**ASSIGNED TASK**
With the exception of the pictures, write out the data below precisely.

++++ DATA EXTRACT

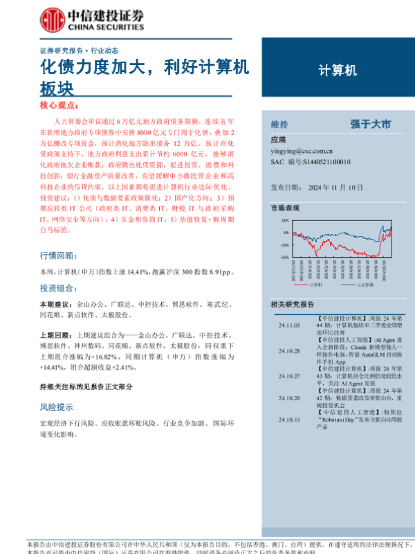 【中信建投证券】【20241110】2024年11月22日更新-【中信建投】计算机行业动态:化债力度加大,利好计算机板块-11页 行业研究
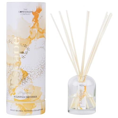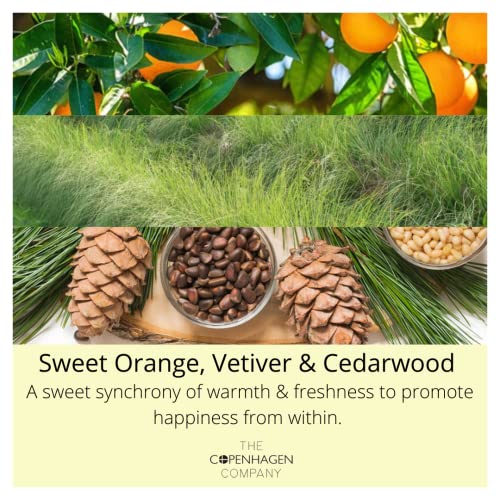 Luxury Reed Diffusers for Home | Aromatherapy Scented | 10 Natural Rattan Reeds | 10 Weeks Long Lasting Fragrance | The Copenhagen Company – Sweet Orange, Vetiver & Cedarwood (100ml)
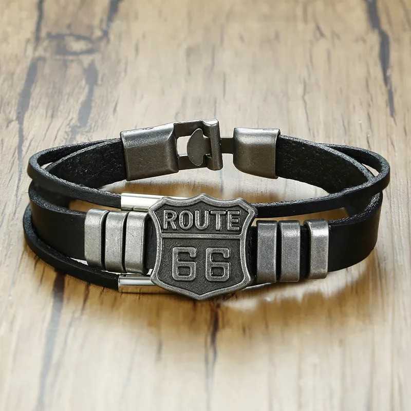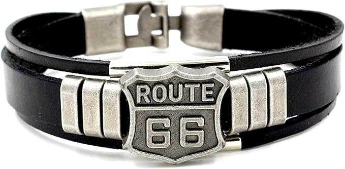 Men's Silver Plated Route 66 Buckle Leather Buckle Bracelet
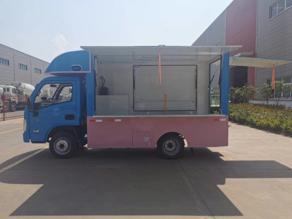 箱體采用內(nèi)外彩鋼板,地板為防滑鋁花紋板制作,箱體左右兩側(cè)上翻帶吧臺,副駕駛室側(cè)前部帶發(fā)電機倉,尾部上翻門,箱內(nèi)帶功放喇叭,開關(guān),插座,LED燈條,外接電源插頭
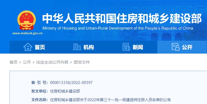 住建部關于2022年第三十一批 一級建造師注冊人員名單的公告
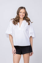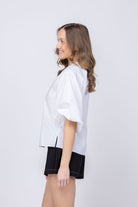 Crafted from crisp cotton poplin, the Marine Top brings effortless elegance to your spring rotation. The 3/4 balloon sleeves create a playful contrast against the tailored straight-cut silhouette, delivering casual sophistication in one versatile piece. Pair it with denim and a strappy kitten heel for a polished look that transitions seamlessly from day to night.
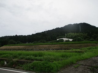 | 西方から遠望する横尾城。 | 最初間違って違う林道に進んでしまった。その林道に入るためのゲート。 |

++++++++

**EXERCISE OUTPUT**
 【中信建投证券】【20241110】2024年11月22日更新-【中信建投】计算机行业动态:化债力度加大,利好计算机板块-11页 行业研究
 Luxury Reed Diffusers for Home | Aromatherapy Scented | 10 Natural Rattan Reeds | 10 Weeks Long Lasting Fragrance | The Copenhagen Company – Sweet Orange, Vetiver & Cedarwood (100ml)
 Men's Silver Plated Route 66 Buckle Leather Buckle Bracelet
 箱體采用內(nèi)外彩鋼板,地板為防滑鋁花紋板制作,箱體左右兩側(cè)上翻帶吧臺,副駕駛室側(cè)前部帶發(fā)電機倉,尾部上翻門,箱內(nèi)帶功放喇叭,開關(guān),插座,LED燈條,外接電源插頭
 住建部關于2022年第三十一批 一級建造師注冊人員名單的公告
 Crafted from crisp cotton poplin, the Marine Top brings effortless elegance to your spring rotation. The 3/4 balloon sleeves create a playful contrast against the tailored straight-cut silhouette, delivering casual sophistication in one versatile piece. Pair it with denim and a strappy kitten heel for a polished look that transitions seamlessly from day to night.
 | 西方から遠望する横尾城。 | 最初間違って違う林道に進んでしまった。その林道に入るためのゲート。 |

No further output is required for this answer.